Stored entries
○ ○ ○ ○ ○
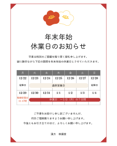 年末年始のお知らせ 2025.12.04 侑備堂の漢方ブログ, 店舗お知らせ, 新着情報 年末年始のお休みは 12/30(火)-1/5(火) までとなります。 また、12/29(月)は特別営業日となりますが混雑が予想されるためお買い物のみとなり、 ご相談の枠をご用意しておりません。 ご相談希望のお客様は大変ご不便おかけし申し訳ありませんが、12/27(土)までのご予約をお願いいたします。 « 11/24 漢方ベビーちゃん
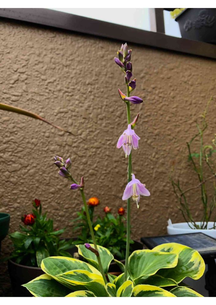 ギボウシ🌸縁取りの黄色い葉っぱおしゃれですね✨
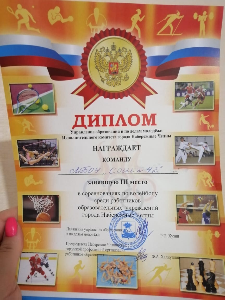 Диплом Соревнования по волейболу среди работников образовательных учреждений 3 место
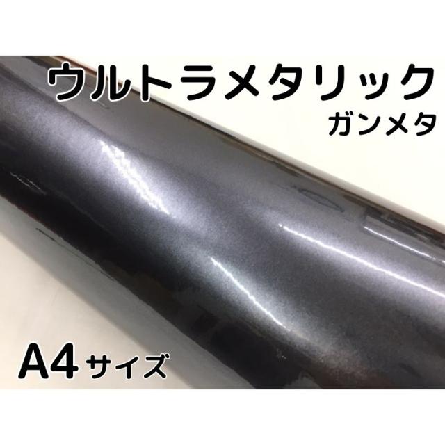 カーラッピングシートウルトラブリットメタリック ガンメタリックシルバーA4サイズ カーラッピングフィルム 耐熱耐水曲面対応裏溝付 艶あり 保護フィルム付
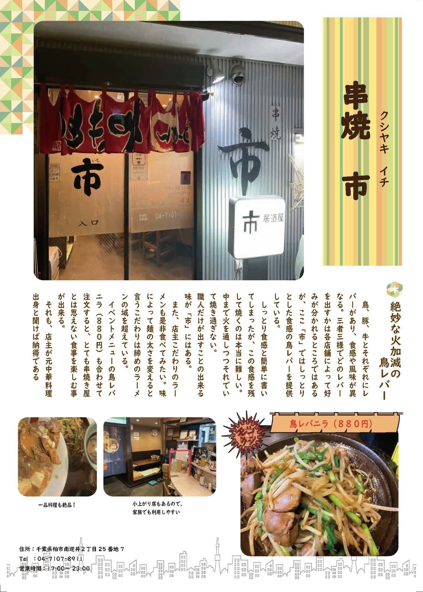 鳥、豚、牛とそれぞれにレバーがあり、食感や風味が異なる三者三様でどのレバーを出すかは各店舗によって好みが分かれるところではあるが、ここ「市」ではしっとりとした食感の鳥レバーを提供しているしっとり食感と簡単に書いてしまったが、この食感を残して焼くのは本当に難しい中まで火を通しつつそれでいて焼き過ぎない職人だけが出すことの出来る味が「市」にはあるまた、店主こだわりのラーメンも是非食べてみたい味によって麺の太さを変えると言うこだわりは締めのラーメンの域を超えているイベントメニューの鳥レバニラ(880円)も合わせて注文すると、とても串焼き屋とは思えない食事を楽しむ事が出来るそれも、店主が元中華料理出身と聞けば納得である。
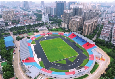 7月17日,记者在市体育中心看到,场内已经铺上翠绿的草皮,看台座位上做了红蓝相间的彩绘,整个体育中心焕然一新,即将完工。体育中心目前正在进行草皮养护,下一步将开始铺设塑胶跑道,预计本月底完工,8月份将向市民开放。 (记者 方达星 毛亚轩)
○ ○ ○ ○ ○
Requirement
Reproduce word for word the lines running from the line with "鳥、豚、牛とそれぞれにレバー" through the end of the data, both included, and nothing else; leave out the pictures.

Solution for this exercise
 鳥、豚、牛とそれぞれにレバーがあり、食感や風味が異なる三者三様でどのレバーを出すかは各店舗によって好みが分かれるところではあるが、ここ「市」ではしっとりとした食感の鳥レバーを提供しているしっとり食感と簡単に書いてしまったが、この食感を残して焼くのは本当に難しい中まで火を通しつつそれでいて焼き過ぎない職人だけが出すことの出来る味が「市」にはあるまた、店主こだわりのラーメンも是非食べてみたい味によって麺の太さを変えると言うこだわりは締めのラーメンの域を超えているイベントメニューの鳥レバニラ(880円)も合わせて注文すると、とても串焼き屋とは思えない食事を楽しむ事が出来るそれも、店主が元中華料理出身と聞けば納得である。
 7月17日,记者在市体育中心看到,场内已经铺上翠绿的草皮,看台座位上做了红蓝相间的彩绘,整个体育中心焕然一新,即将完工。体育中心目前正在进行草皮养护,下一步将开始铺设塑胶跑道,预计本月底完工,8月份将向市民开放。 (记者 方达星 毛亚轩)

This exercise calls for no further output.